**What is required:**
The result should be a faithful copy of every entry below, with the pictures left out.

:: Records supplied

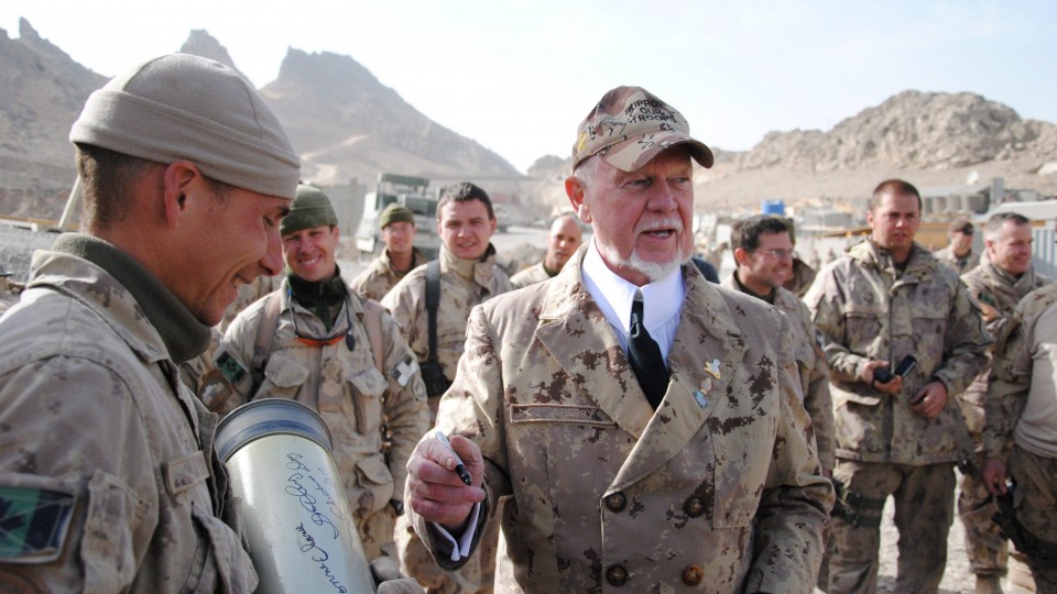 Don Cherry est une personnalité très aimée dans le Canada anglais. Il y a même eu un film sur sa vie! Ici, on le voit visiter des soldats canadiens en mission en Afghanistan, le jour de Noël 2010.
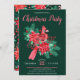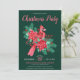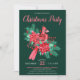 Cette invitation de Noël est faite de fleurs cardinales d'aquarelle rouge et de poinsettia dans un agencement avec aiguilles de pin, baies rouges, fleurs rouges et verts d'hiver contre un arrière - plan vert foncé. Vous pouvez customiser tous les détails de cette invitation. Au fond de l'invitation se trouve un motif poinsettia sur un arrière - plan vert foncé. Voir l'ensemble de la collection correspondante.
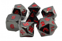 Old School RPG Metal Dice Set: Dragon Forged - Platinum Black & Red (7)
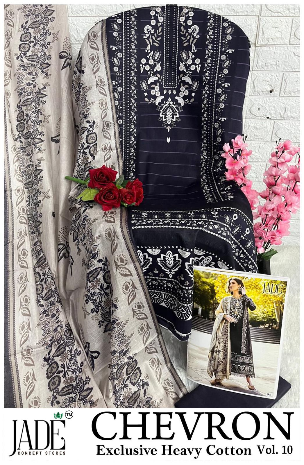 शेवरॉन वॉल्यूम 10 एक्सक्लूसिव हैवी कॉटन जेड कराची सलवार सूट की कीमत और फ़ैब्रिक विवरण:
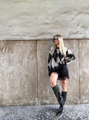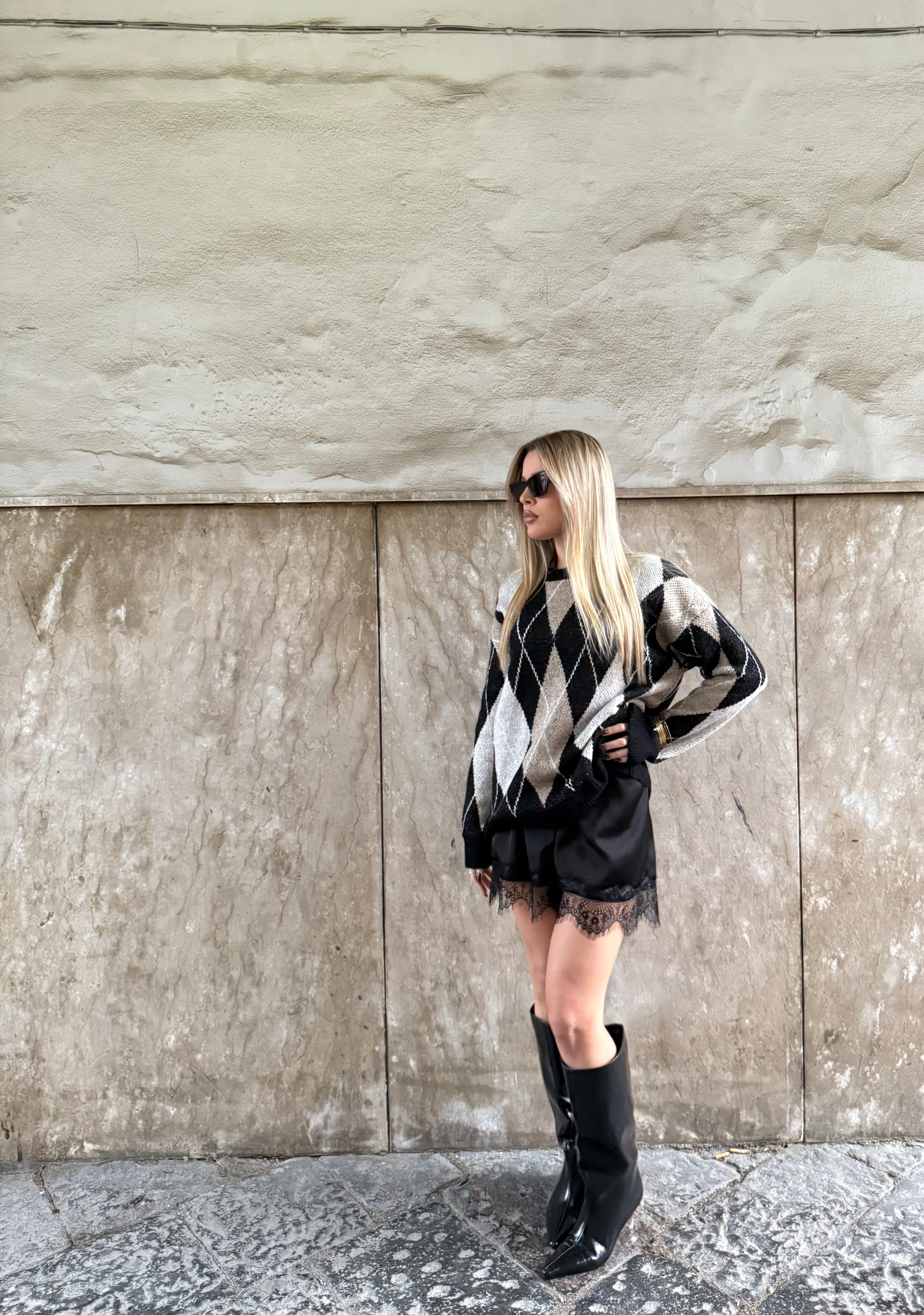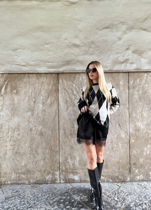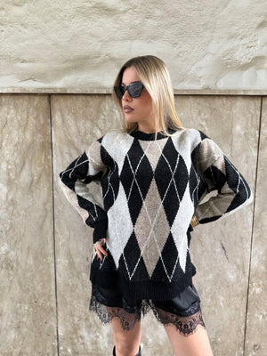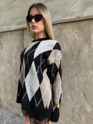 Un capo iconico e versatile, questo pull in lana con motivo a rombi è perfetto per chi ama distinguersi con stile.
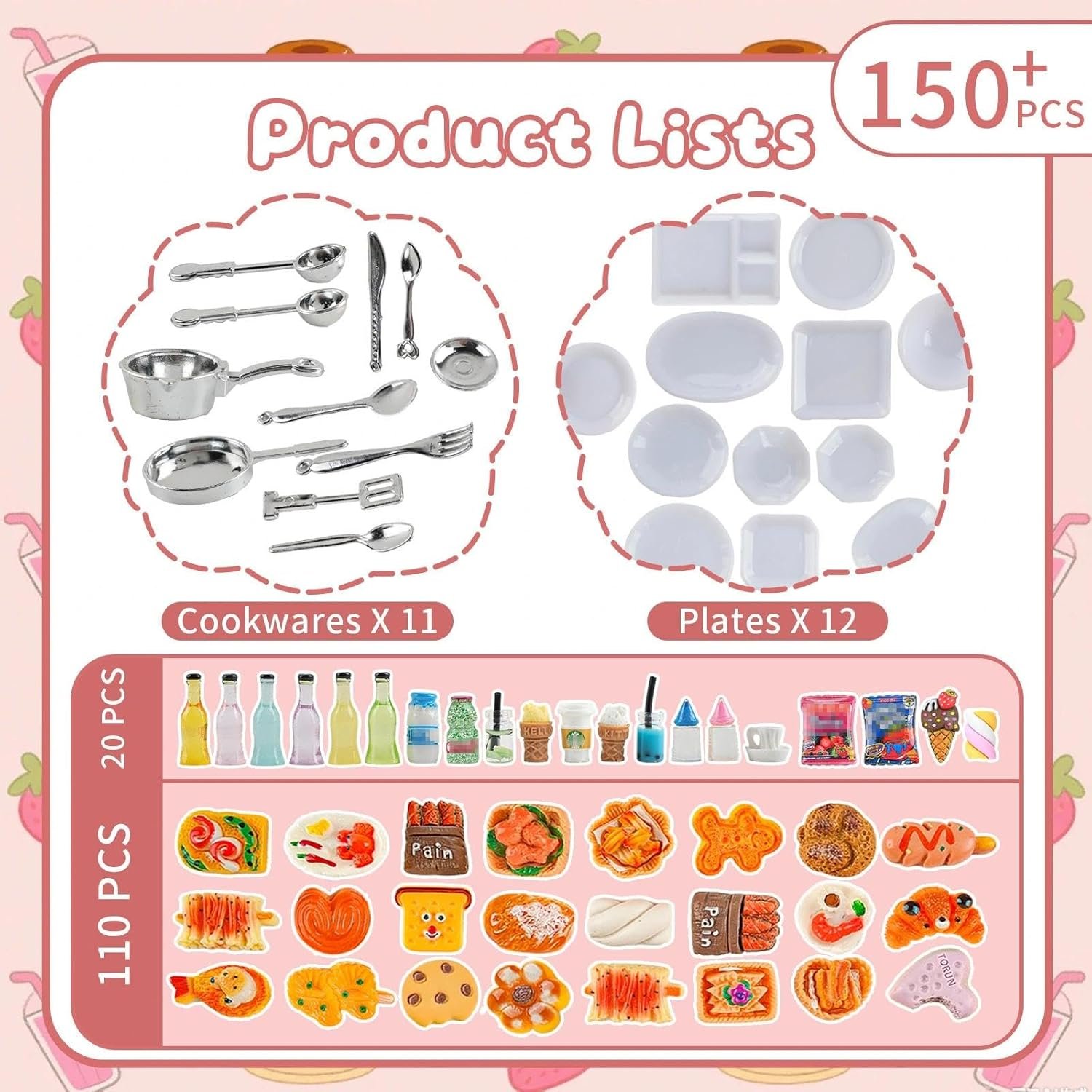 VALUE PACKAGE——resin food toys set includes 150 pieces different beautiful cute food toys, Include: food, beverage bottles, beverage cans, burgers, French fries, cakes, milk tea, bread, chocolate, ice cream, milk, beverages , kitchenware, tableware, etc. enough quantity and styles that can help to relieve stress, develop creativity and imagination, bringing you lots of fun
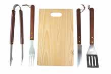 SET 4 UTENSILI BARBECUE (forchettone, pinze, spatola, coltello) con tagliere in legno dim. cm. 39x24
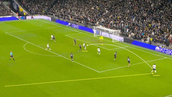 Ở chiều ngược lại, Gallagher mang đến một kiểu ảnh hưởng khác. Bàn thắng của Dominic Solanke vào lưới Man City cuối tuần trước sẽ không thể xảy ra nếu không có pha tranh chấp quyết liệt, bứt tốc và tạt bóng đầy nỗ lực của Gallagher bên cánh phải.
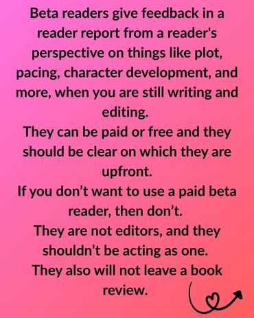 For beta reading, I will give my reactions, thoughts, feelings on every aspect in a reader report. I can also do in-line comments if you choose. I will read the document once.
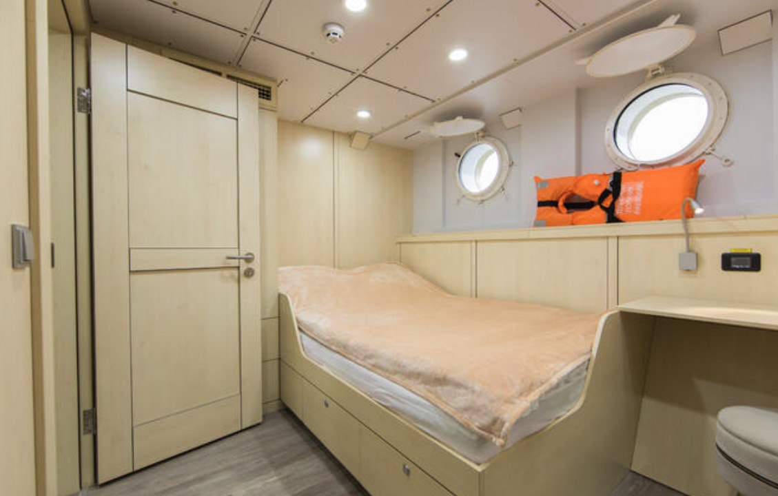- 2 мастер-каюты на первой палубе с панорамным остеклением в пол (по необходимости окна закрываются ролл-шторами), собственными санузлами, большими двуспальными кроватями
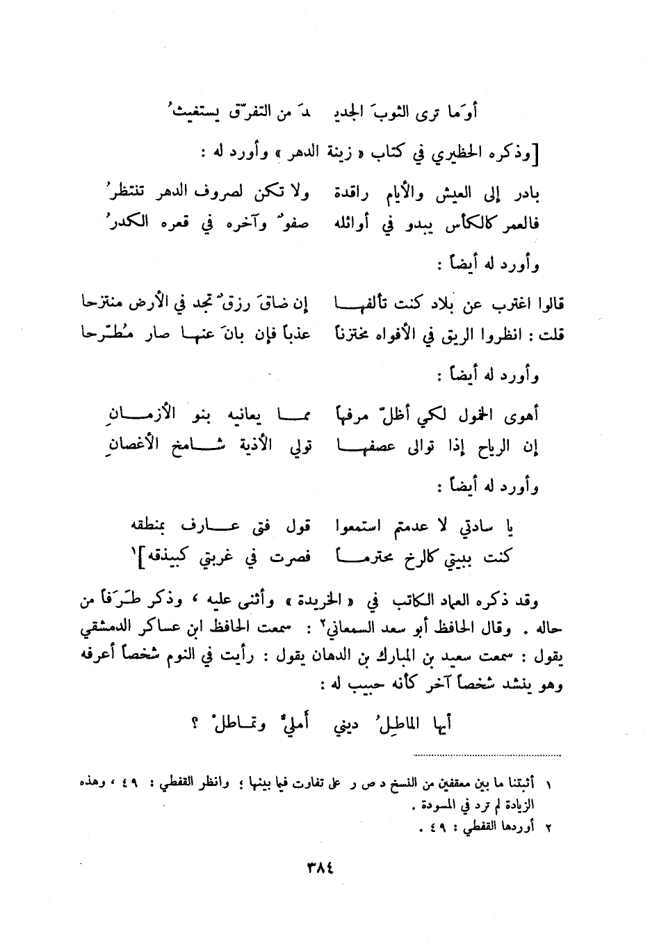 أو ترى الثوب الجدي ... د من التفرق يستغيث [وذكره الحظيري في كتاب " زينة الدهر " وأورد له:
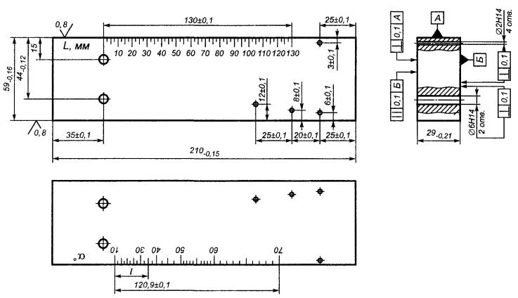 2 Миллиметровую шкалу гравируют или наклеивают. Нуль миллиметровой шкалы должен совпадать с плоскостью углового отражателя с погрешностью не более ±0,1 мм.

::::

**Solution for this problem:**
 Don Cherry est une personnalité très aimée dans le Canada anglais. Il y a même eu un film sur sa vie! Ici, on le voit visiter des soldats canadiens en mission en Afghanistan, le jour de Noël 2010.
 Cette invitation de Noël est faite de fleurs cardinales d'aquarelle rouge et de poinsettia dans un agencement avec aiguilles de pin, baies rouges, fleurs rouges et verts d'hiver contre un arrière - plan vert foncé. Vous pouvez customiser tous les détails de cette invitation. Au fond de l'invitation se trouve un motif poinsettia sur un arrière - plan vert foncé. Voir l'ensemble de la collection correspondante.
 Old School RPG Metal Dice Set: Dragon Forged - Platinum Black & Red (7)
 शेवरॉन वॉल्यूम 10 एक्सक्लूसिव हैवी कॉटन जेड कराची सलवार सूट की कीमत और फ़ैब्रिक विवरण:
 Un capo iconico e versatile, questo pull in lana con motivo a rombi è perfetto per chi ama distinguersi con stile.
 VALUE PACKAGE——resin food toys set includes 150 pieces different beautiful cute food toys, Include: food, beverage bottles, beverage cans, burgers, French fries, cakes, milk tea, bread, chocolate, ice cream, milk, beverages , kitchenware, tableware, etc. enough quantity and styles that can help to relieve stress, develop creativity and imagination, bringing you lots of fun
 SET 4 UTENSILI BARBECUE (forchettone, pinze, spatola, coltello) con tagliere in legno dim. cm. 39x24
 Ở chiều ngược lại, Gallagher mang đến một kiểu ảnh hưởng khác. Bàn thắng của Dominic Solanke vào lưới Man City cuối tuần trước sẽ không thể xảy ra nếu không có pha tranh chấp quyết liệt, bứt tốc và tạt bóng đầy nỗ lực của Gallagher bên cánh phải.
 For beta reading, I will give my reactions, thoughts, feelings on every aspect in a reader report. I can also do in-line comments if you choose. I will read the document once.
- 2 мастер-каюты на первой палубе с панорамным остеклением в пол (по необходимости окна закрываются ролл-шторами), собственными санузлами, большими двуспальными кроватями
 أو ترى الثوب الجدي ... د من التفرق يستغيث [وذكره الحظيري في كتاب " زينة الدهر " وأورد له:
 2 Миллиметровую шкалу гравируют или наклеивают. Нуль миллиметровой шкалы должен совпадать с плоскостью углового отражателя с погрешностью не более ±0,1 мм.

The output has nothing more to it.